Local Government Can Now Request Railroad Bridge Safety Data

The Federal Railroad Administration (FRA) last month launched a new web request page for train bridge safety inquiries. Now state and local officials can request information about the safety of railroad bridges in their communities.


Once the request has been filed with the FRA, the railroad has 30 days to provide a safety report.

According to FRA Administrator Sarah Feinberg, the FRA has urged railroads in the past to be more transparent and responsive to state and local leaders that are concerned about the condition of railroad bridges in their communities. She noted that providing these safety reports on local bridges is an excellent first step but more needs to be done.

The FRA also has requested more funding to double its bridge specialist staff and to create a rail bridge inventory throughout the US.

The Fixing America’s Surface Transportation Act signed by President Obama last year mandates that railroads provide safety information about railroad bridges to state and local officials on a regular basis.

Our railroad accident attorneys in Virginia and North Carolina are familiar with how railroads will cut corners on safety to increase profit margins. Sometimes they will do this by leasing part of their railroad line to a short line railroad. This means they no longer have to spend money on maintaining that section of track. So, the railroad can save maintenance costs and blame the small railroad company for any accidents that occur.

Or, the railroad will fail to properly inspect and maintain railroad bridges to save money. That is why we support the FRA’s recent action to make it easier to obtain safety reports about railroad bridges.

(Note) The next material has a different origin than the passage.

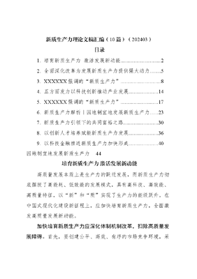 新质生产力理论文稿汇编(10篇)(202403)目录1.培育新质生产力 激活发展新动能22.全面深化改革为发展新质生产力提供强大动力..53.XXXXXX强调的新质生产力84.五方面发力以科技创新推动产业发展.145.XXXXXX强调的新质生产力.176.新质生产力解析|因地制宜地发展新质生产力237.新质生产力引领下的共同富裕之路..308.以创新人才培养赋能新质生产力发展.369.以科技金融推进新质生产力加快形成.40因地制宜地发展新质生产力44培育新质生产力 激活发展新动能高质量发展本质上是生产力的跃迁发展,而新质生产力彻底摆脱了高能耗、低效能的发展模式,具有高科技、高效能、高质量特征,以新和质实现了生产力的能级跃升。在中国式现代化建设新征程上,应加快培育新质生产力,全面激发高质量发展新动能。加快培育新质生产力应深化体制机制改革,扫除高质量发展障碍。首先,要创建公平、高效、有序的市场竞争环境,采取降低市场准入门槛、优化行政审批流程、鼓励民间创业和投资等措施,为新兴产业、未来产业的高质量发展创造更加广阔的空间。其次,要深化科技体制改革,完善科技成果评价机制,推动科研成果就地转化,提高科研经费监管成效,打造产学研协同创新平台,推广普及共性技术,凝聚创新动能。此外,要加快形成区域协调发展新模式,不断优化区域分工格局,建设完备的价值链、产业链和供应链,突破区域间壁垒,使得各类生产要素能够自由流通、充分涌动,加快建设全国统一大市场;与此同时,建立覆盖东中西部、乡村与城市、大中小城市等地区的互助共享体系,致力于实现区域互促、城乡互补的目标。加快培育新质生产力应强化核心技术攻关,提升高质量发展软实力。新质生产力的培育和发展,应当以前沿技术的颠覆创新为根本前提,基于国家提倡的大科学模式系统部署关键核心技术攻坚工作,引导各方主体紧紧围绕国家重大战略需求以创新联盟的形式联合攻关关键性和原创性的科学技术。在这个过程中,重点突出企业在科技创新中的主体地位,助推领头羊企业在技术攻关和基础研究领域发挥其重要的支撑作用;充分发挥链长企业的带头作用。同时,推动科技成果向新质生产力转变,不仅要完善科技成果转化保障制度,而且还文可居文库——海量学习资料,手机电脑均可下载www.wenkeju.com要结合现实需求组建专业的技术转化机构,建立高度配套的科技成果转化服务体系。加快培育新质生产力应加速构建现代化产业体系,夯实高质量发展产业基础,推进先进制造业高质量发展,不断提高制造业核心竞争力。一方面,大力发展智能制造,推动制造业朝着智能化、网络化和数字化的方向发展;另一方面,发展壮大先进制造业集群,加快传统制造业的转型升级进程。大力发展战略性新兴产业,前瞻布局、积极培育未来产业。聚力发展新材料、新能源、绿色环保、高端装备、生物技术、海洋装备、航空航天、新一代信息技术等新兴产业。推动现代服务业与先进制造业的融合发展,大力发展服务型制造等新兴模式,增强现代化产业体系综合竞争实力。充分发挥智能化和数字化等先进技术的驱动作用,推进现代服务业与先进制造业的深度融合;分步、分类、分阶段推动两业融合发展,全面发挥政府、企业、金融机构、高等院校以及科研机构等对两业深度融合的服务功能及支撑作用。加快培育新质生产力应创新人才培养引进管理体系,筑牢高质量发展人才保障。创新人才培养体系要以高精尖缺的现实需求为中心,重点培养服务新兴产业和未来产业的优质人才;以提高产业核心竞争力、加快培育新质生产力为引导,科文可居文库——海量学习资料,手机电脑均可下载www.wenkeju.com学合理优化学科专业结构,着重培养符合新质生产力发展需求的专业人才。创新人才引进体系要结合国家重大发展战略要求,动态调整人才引进政策举措,搭建汇聚全球高精尖人才的国际化平台,鼓励优先引进产业短板领域的高端人才。对于新质生产力催生出的新职业和新领域,应创新人才管理体制,抓紧开发制定相关的人才评价标准,并确保评价标准的动态更新。加快构建更加合理高效的科技人才系统评价体系,充分发挥各类主体在人才管理中的作用。全面深化改革为发展新质生产力提供强大动力发展新质生产力是推动高质量发展的内在要求和重要着力点,必须继续做好创新这篇大文章,推动新质生产力加快发展。发展新质生产力,既是发展命题,也是改革命题。

There are times when railroads will neglect public and worker safety and it leads to serious accidents We once handled a case where a railroad bridge worker had his lower leg crushed by 1600 pound bridge timber. The railroad eventually accepted that it was at fault, but it would not offer a settlement higher than $400,000 during mediation. So, our Virginia railroad accident lawyers went to trial and eventually the young man won a verdict of $1.5 million.